Beverly Oliver, journalist and creative artist,
began her career as a writer and interviewer at Howard University Radio Station WHUR-FM, 96.3.
Her most noted work—conceived and executive produced by singer, writer and historian Bernice Johnson Reagon—is the Peabody Award-Winning radio documentary Wade in the Water: African American Sacred Music Traditions. Beverly assisted in the research and production of 26 episodes. They featured over 200 years of African American music.

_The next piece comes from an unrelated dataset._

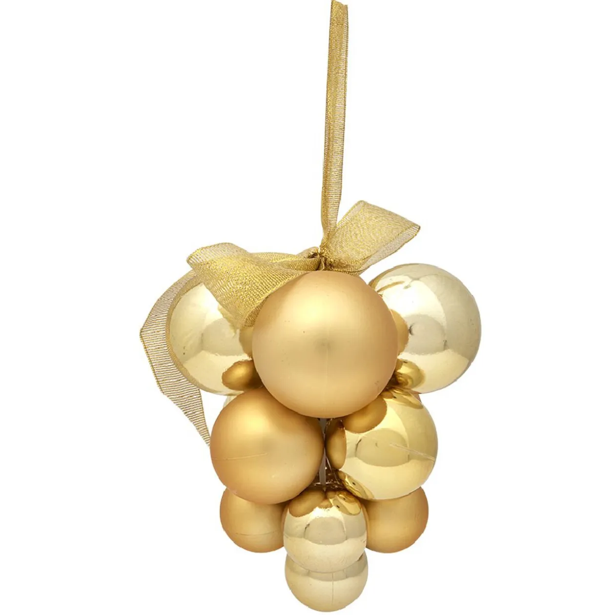 Suspension de Noël avec diverses boules formant une grappe de couleur dorée. Idéale pour décorer votre sapin, ou bien une porte !

Seven Days in Usha Village: A Conversation with Dr. Sebi is my first book, inspired by its publisher and my collaborator Dr. Sebi. Healing, alternative healing, brought us together over 25 years ago. In the introduction you’ll read the roads we travelled separately since that time and how those roads converged out here in Los Angeles, California in September 2005.
If someone asked me to describe Dr. Sebi and use the book to size him up, I’d direct that person to Dr. Sebi’s comments on the following pages: The Prologue, “Approximately 45 years ago I made the statement I want to be useful… I didn’t know that I would have to face the American Medical Association, the Food and Drug Administration and the judicial system of the State of New York,”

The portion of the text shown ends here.